Ed looked across at her, almost catching her disappointment, despite the careful control she had exercised over her voice.
“I hope so. They made the biggest mess in history when they were here,” he commented sourly. “And that brings me to the reason why I wanted to see you both. Officially, the explanation for this mess is still the same one as was announced to the media, just two days ago. Hence, your arrival here doesn’t make any sense, in that context. Knowing the abilities of the girl called Karen Amer, I must conclude that you were coerced into transporting Richard and Karen here. I have decided,” Baynes continued, without giving them time to venture a differing opinion. “…To keep the entire sequence of events under a security classification so high that anyone talking about it won’t get beyond the third phrase, before he or she is locked up for life, and has his or her identity deleted from the records of this country. For all intents and purposes, such a person would simply… cease to exist. I hope you understand what this means to you both?” He raised his eyebrows questioningly.
Brad and Tracy were both silent, wondering where this one-sided, dictatorial discussion could lead.
“Of course, even if I didn’t do this, your most likely future, if you decided to ‘go public’, would be as cult heroes to the UFO fanatics.” This, coming as it did from Ed’s own lips, seemed close to self-betrayal. He sighed as he stood up, his knees already stiffening in the damp air.
“Oh, one last thing. There’s a fully equipped Bell 206 Longranger in for a scheduled overhaul and minor repairs at a military airbase in Florida; plans are that the work will be completed in the next few days. Half an hour ago, I authorized a complete refurbishing of the interior, in addition to the required mechani
cal work in progress. When it’s ready, it will be flown to Westwood airfield. It is being registered to a Mr. Bradley Hawk as we speak, and should still be sitting there, waiting for you, when your leg is finally recovered.”
Tracy found Brad was squeezing her hand painfully tightly, and perhaps for that reason, as well as others, her eyes started to water.
“Mr. Hawk’s living expenses to that point will also be covered,” Ed continued, pleased with the reaction his comments were evoking. “The National Unusual Incident Team always pays its debts.” He turned as if to go, then continued philosophically: “I like to think that eventually life will carry on as if this whole incident had never occurred.” Baynes shook Brad and Tracy by the hand. “An air ambulance will take you both back to Westwood in about half an hour.” He gave them each one of his cards, his glance suddenly very penetrating. “Call me if you decide there’s anything else you remembered that you’d like to tell me.” He walked away, without a backward glance.

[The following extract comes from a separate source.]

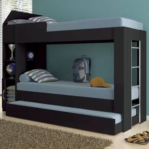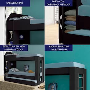 A Treliche Solteiro é a solução prática e elegante para otimizar seu espaço com conforto e estilo. Estrutura robusta em MDP 15mm, oferece durabilidade e resistência. Com 225cm de comprimento x 87cm de largura ideal para quartos compactos, permitindo acomodar visitas sem complicações e para quem busca versatilidade sem abrir mão do conforto. Conta com uma cama auxiliar com rodízios que facilitam a abertura ou fechamento, proporcionando uma cama extra sem ocupar espaço permanente. Além disso, possui 01 porta com dobradiças metálicas, 04 nichos e cabeceira baú, que garantem espaço extra para armazenar roupas de cama, travesseiros e outros itens de sua preferência. Com escada embutida na estrutura do móvel, projetada para dar acesso seguro à cama superior, ocupando pouco espaço. Combina um design moderno com funcionalidade, adicionando um toque de sofisticação à decoração do ambiente. Indicado colchão solteiro 78x188x12cm. Indicamos que o colchão tenha no máximo 12cm de altura para ocorrer o fechamento total da cama auxiliar. Este móvel chegará em sua casa separado em 03 volumes.

“He really thinks he’s ‘something’!” Doctor Wilde shook her head in wonder as she watched the chief of the NUIT continue to recede from view.
“He’s both more and less than he seems…”
“He might think he’s the President, but that doesn’t mean he can fix your leg.” Tracy grinned at her boyfriend’s perceptiveness. “You’d be fine if I hadn’t called.”
“I broke the other one years ago; now I’ll have a matched pair. You really are good for me! If you hadn’t brought me into this adventure, then I’d still have my trusty flying steed, and I wouldn’t have got injured. If I hadn’t got injured, he might not have replaced my copter.” Brad looked up at Tracy and smiled a broad, schoolboy smile. “And as soon as my leg is better, I guess I’ll be back in business.”